Some 34,000 people from both sides of the fighting are buried at the site, most of them never identified.

"Having Franco's tomb (at the complex) shows a lack of respect ... for the victims buried there," Calvo said. She noted that a visiting United Nations delegation said four years ago that "democracy is incompatible with a tomb which honors the memory of Franco."

The Memory Law, which outlawed public events supporting the Franco regime, fell short of addressing the broad demands of civil war survivors and victims' relatives for exhumations and reparations.

Franco's descendants will be consulted and will have 15 days to say where they would like the remains to be placed after exhumation. If they do not reply, the government will choose a "dignified place," Calvo said after the government's weekly Cabinet meeting.

Francisco Martinez-Bordiu, a grandson of Franco, described the exhumation plans as "barbaric," telling Antena 3 in an interview Friday that descendants would assess their legal options for halting it.

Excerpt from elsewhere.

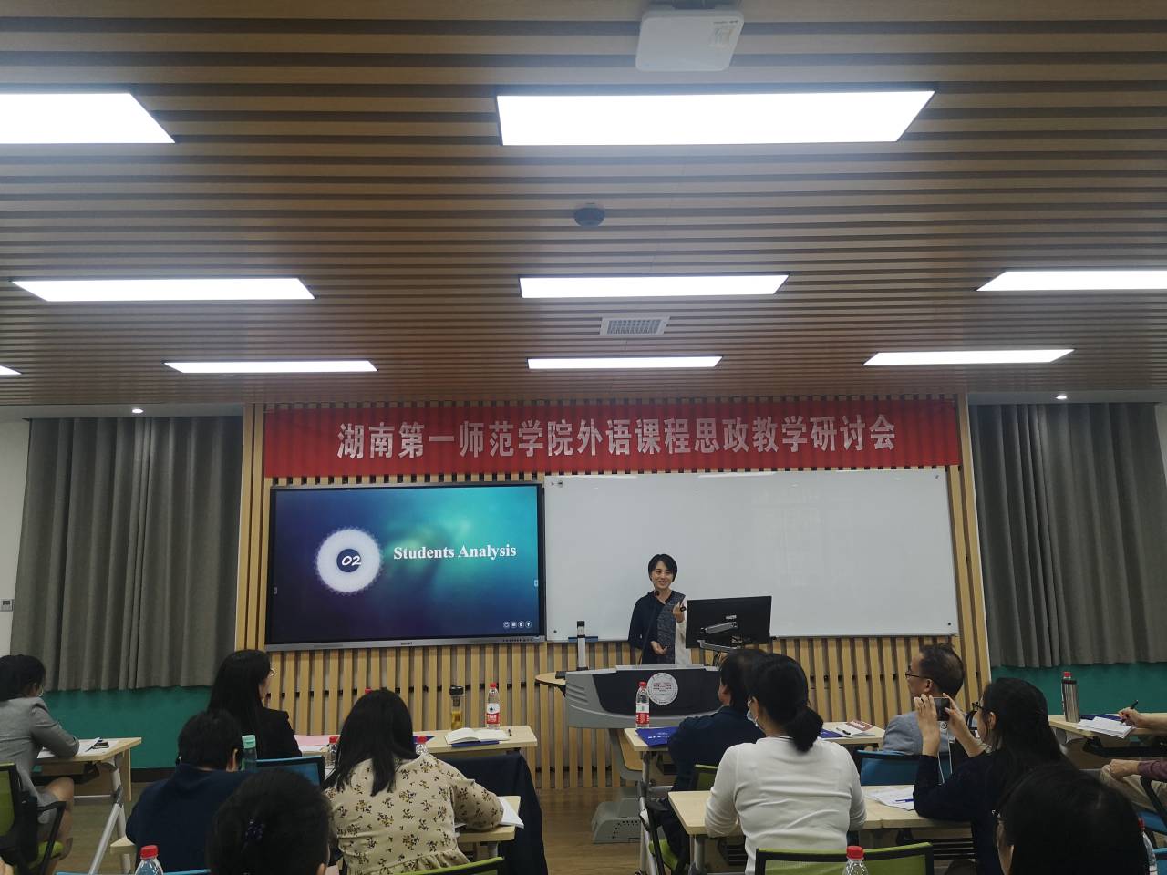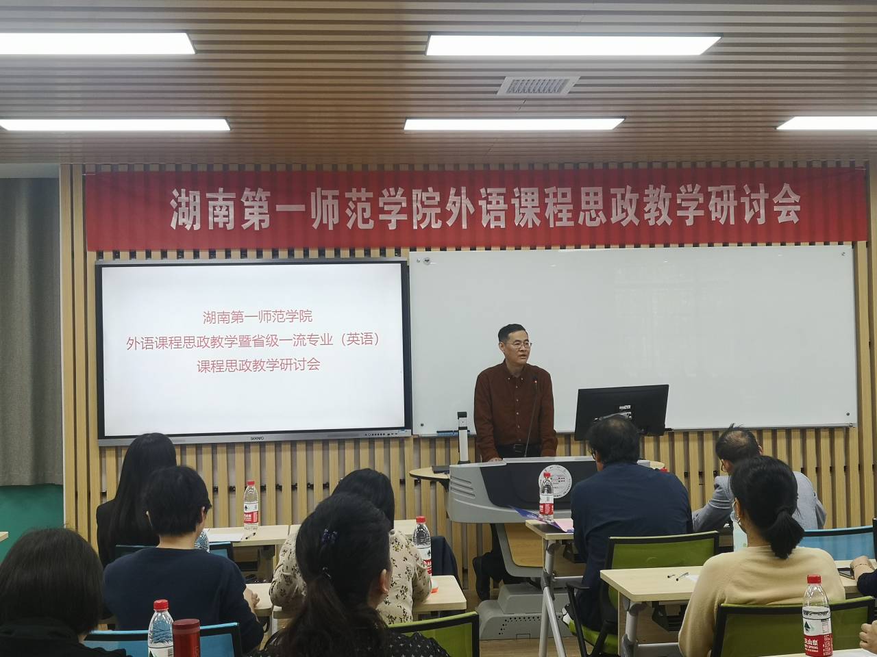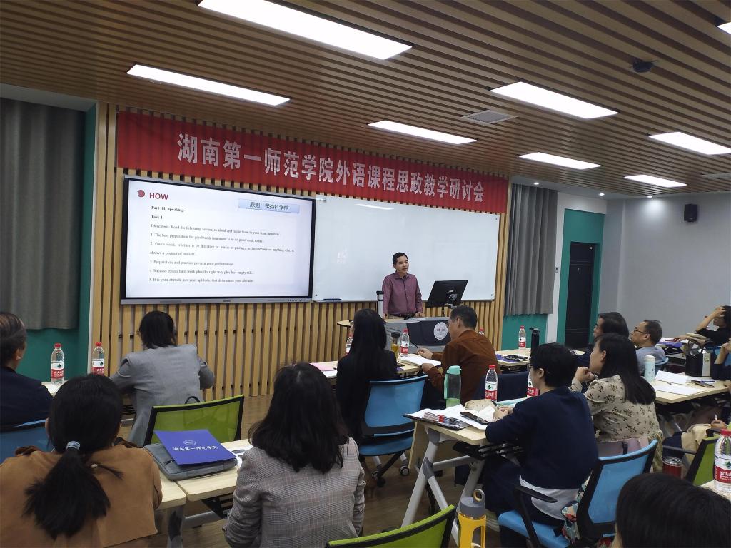 研讨会由教务处、教学评估与教师教学发展中心主办,成人有声小说 、公共外语教学部、马克思主义学院三部门联合承办。教务处处长蒋蓉、副处长唐文杰、教学评估与教师发展中心主任陈梦稀、马克思主义学院院长周小李、国际合作与交流处处长何晓斓,成人有声小说 党总支书记李亚林、院长刘祥清、副院长刘宇松、公共外语教学部主任刘明东及全体教师参加。

An exhumation of Franco's embalmed body — possibly as early as October — would cement the government's reformist and liberal credentials after taking power last June.

Removing Franco from the mausoleum, which is owned and operated by the cultural heritage agency, a public-funded body, has long been discussed in Spain.

Calvo said the government is fast-tracking the exhumation because it wants to "end a state of affairs which cannot go on any longer."

At next Friday's Cabinet meeting, the detailed administrative procedures for the exhumation will be set out, she said.

The Valley of the Fallen complex includes a mausoleum and basilica in a neoclassic style and is a popular pilgrimage site for people who are nostalgic for the dictatorship. It has a 150-meter (500-foot)-tall cross that can be seen from many kilometers (miles) away.

Franco, who died in 1975, is in a tomb in the basilica's central nave beneath a 1.5-metric ton tombstone.